Была еще обязанность — встать за полчаса до подъема, чтобы отнести чай в постель парню, ответственному за чистоту комнат. Им оказался тот самый Бейнс. Приходилось сильно трясти его за плечо, чтобы разбудить, он страшно ругался, потом отхлебывал чай и шел проверять, как я убрал свою комнатку, причем выискивал недовытертую пыль, проводя пальцем по оконной замазке.
Дни мои проходили в определенном ритме. Завтрак, уроки в классе под гнетом бойкота, потом назад в комнату, где все раскидано; уборка; опять уроки, регби; хозяйственные дела; отбой… У меня был маленький транзистор, в половину книжной странички, и наушник. Накрывшись одеялом, я мог хоть на время спастись.
Господи, что же это такое…
Большая уборная находилась несколько в стороне от нашего корпуса, и никто мне не сказал, когда туда разрешено ходить. Однажды утром, на физике, минут через десять после начала урока я поднял руку и спросил:
— Сэр, можно мне выйти в туалет?
Учитель не разрешил, велел дождаться перемены. В классе стали перешептываться, со всех сторон доносилось: «туалет… туалет… туалет». Я решил: это потому, что я попросился среди урока, но ведь никто меня не предупредил. И только потом я понял, что неуместным был не вопрос, а само слово. Оно тут было под запретом. И дома, и в обеих прежних школах уборную всегда называли туалетом, а как же тут? Я долго не мог узнать. Выяснилось: большая уборная — это «Корма Джексона». Писсуар одним лестничным пролетом выше, общий для двух этажей, именовался «Переходником». Кабинка под лестницей была «Сральней». Без нюансов.
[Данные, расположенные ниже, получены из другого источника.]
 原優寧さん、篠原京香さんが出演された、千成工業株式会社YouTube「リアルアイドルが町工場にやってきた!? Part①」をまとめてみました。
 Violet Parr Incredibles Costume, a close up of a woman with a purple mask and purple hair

К концу дня в Коллингеме не осталось никого, кто не обозвал бы меня. Отныне имя мое было «Туалет Энглби». И я с трудом заставлял себя не оборачиваться, когда кто-то в коридоре выкрикивал: «Туалет!»
Бейнс, Худ и Уингейт решили, что так просто мне не отделаться:
— Быстрее, когда тебя старшие зовут, Туалет. Или ты не знаешь собственного имени?
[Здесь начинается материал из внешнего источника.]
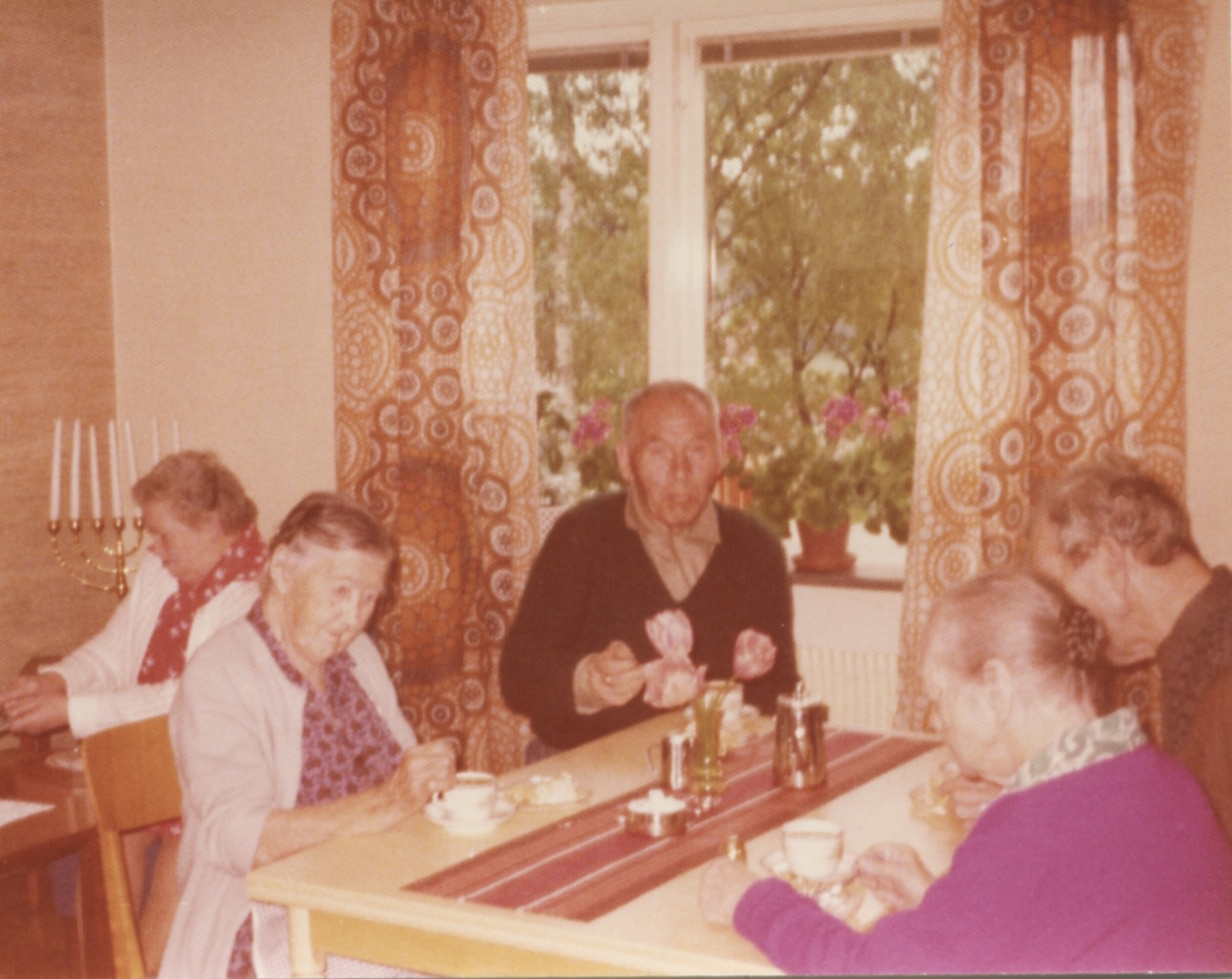 Fikastund för de boende på Brattåshemmet 1970-tal. I bakgrunden sitter en kvinna bredvid en sjuarmad ljusstake. Närmast sitter, från vänster: 1. Selma Börjesson, Högkullen. 2. Okänd man. 3. Okänd kvinna i lila tröja. 4. Okänd man.

Они потащили меня в «Сральню», затолкали голову в унитаз и пустили воду.
— Так как тебя зовут?
— Энглби.
Они макали и макали, наконец я, едва не захлебнувшись, сдался:
— Туалет.
Я ждал, что они, наконец, обрадуются, но вид у них, когда они отпускали меня, был недовольный.
Удивительно, до чего быстро я приспособился к такому существованию. Каждый день я просыпался с ощущением привычной паники, поселившейся глубоко внутри. К тому времени, как я спускался в ванную умыться и почистить зубы, — к семи пятнадцати, — защитные инстинкты уже работали на полную мощность.
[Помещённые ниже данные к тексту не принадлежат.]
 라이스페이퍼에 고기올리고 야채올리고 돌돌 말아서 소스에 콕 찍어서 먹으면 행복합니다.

Поступившие со мной ровесники — Фрэнсис, Маккейн и Бэтли — могли потихоньку общаться между собой. Но я учился с ребятами на год старше, а они не смели со мной разговаривать. Только малый по прозвищу Дурик, по фамилии Топли, из-за очков похожий на рыбу, местный шут, над которым всем даже издеваться было скучно, иногда мне жеманно улыбался, но и он не осмеливался заговорить.
Я не могу их ни в чем винить. Кстати, Бэтли сунули в настолько отстающий класс, что было непонятно, на какой вообще возраст там ориентируются. Поэтому я с ним практически не виделся, встретился только раз, по пути с регби.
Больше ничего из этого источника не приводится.